Eh bien non! cette «thèse» inepte n'est pas «un peu discutée» par les scientifique: elle a été irrévocablement réfutée, ce qui n'est pas du tout la même chose!

L'article du
Nouvel Observateur, qui répète sans sourciller toutes les sottises qu'on a résumées plus haut, prend soin d'ajouter que c'est grâce à leur statut d'amateurs que David et Lefrère ont pu «apporter un regard neuf sur cette grande question» (!), et non content d'avoir publié cette bêtise supplémentaire, il se termine sur la péroraison suivante: «il est vrai aussi que, voici moins d'un petit siècle et demi, les préhistoriens "officiels" considéraient l'art pariétal comme une supercherie­, insultant ainsi, bien plus gravement que les deux "projectionnistes", la mémoire artistique de nos ancêtres d'il y a deux cent vingt siècles

L'auteur de ces lignes (Fabien Gruhier) renforce auprès des lecteurs l'idée chère aux cranks, «
archéologues romantiques» et autres «alterscientifiques» (ainsi que les dénomme Alexandre Moatti), qu'il existerait une science «officielle» dont les représentants aigris passeraient le plus clair de leur temps à étouffer les découvertes d'amateurs géniaux.
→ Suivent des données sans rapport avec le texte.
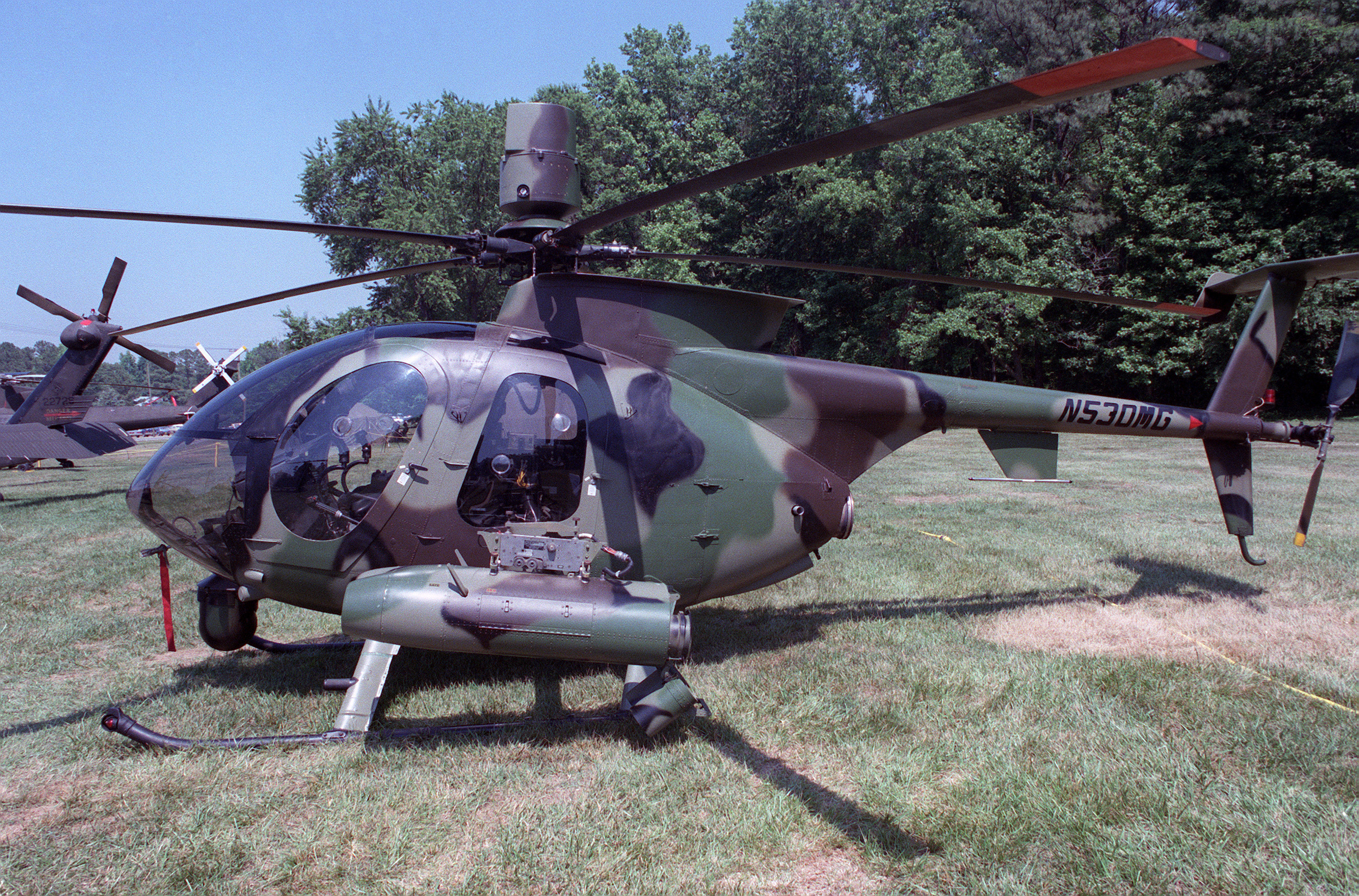 A Hughes 530MG Defender helicopter on display during the Army logistics exposition PROLOG '85.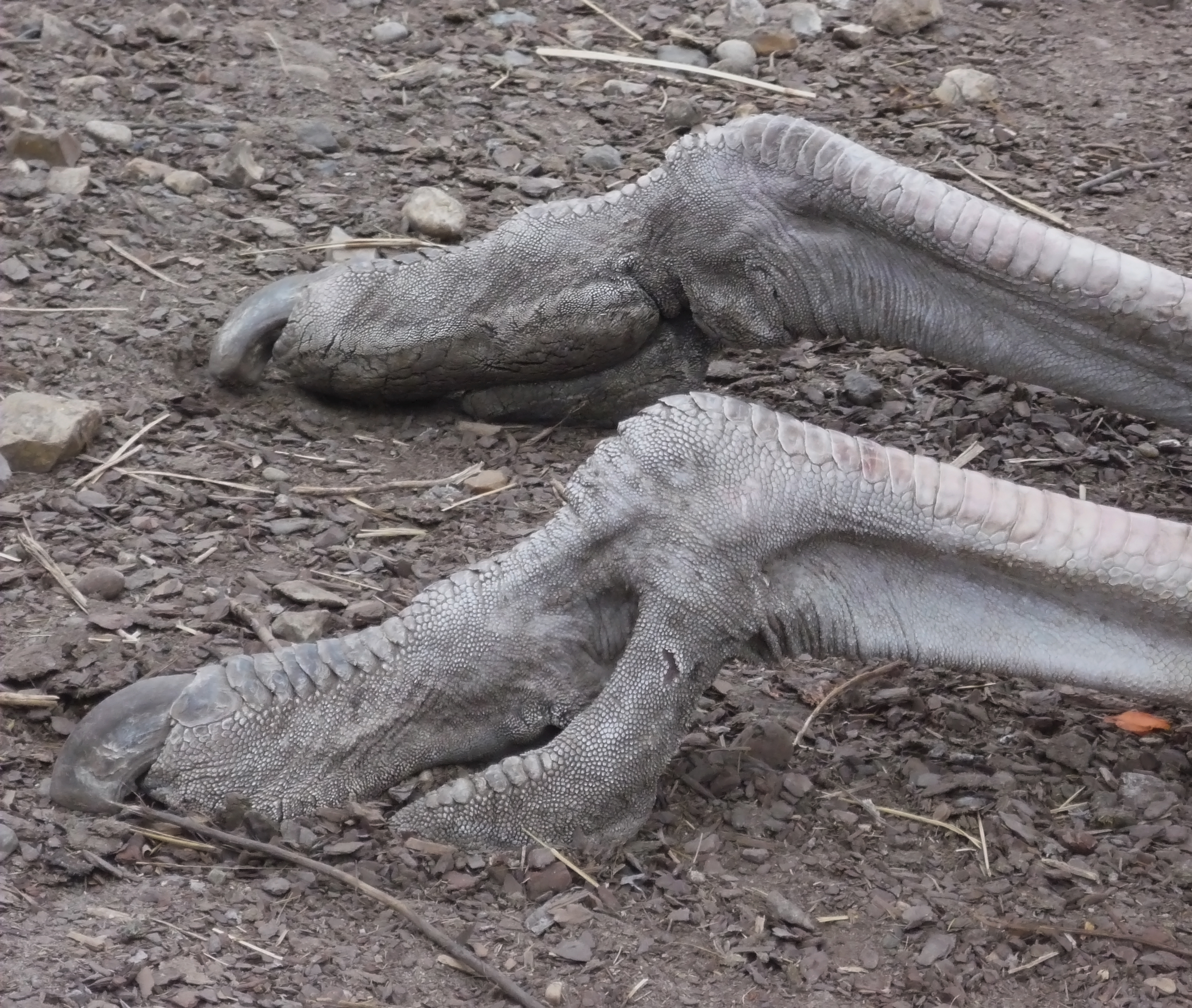 Feet of an african ostrich (Struthio camelus massaicus).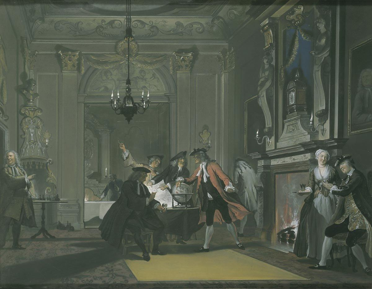 Part of the series {name }.

Et il retourne la situation en laissant entendre que ces mêmes préhistoriens «officiels» présenteraient une image réductionniste des artistes de la Préhistoire, alors qu'au contraire, ceux qui se comportent ainsi sont les deux auteurs dont il se fait le dévoué porte-parole, puisque ce sont eux qui refusent d'accorder aux peintres et graveurs des cavernes la capacité à dessiner à main levée.

Atterrant.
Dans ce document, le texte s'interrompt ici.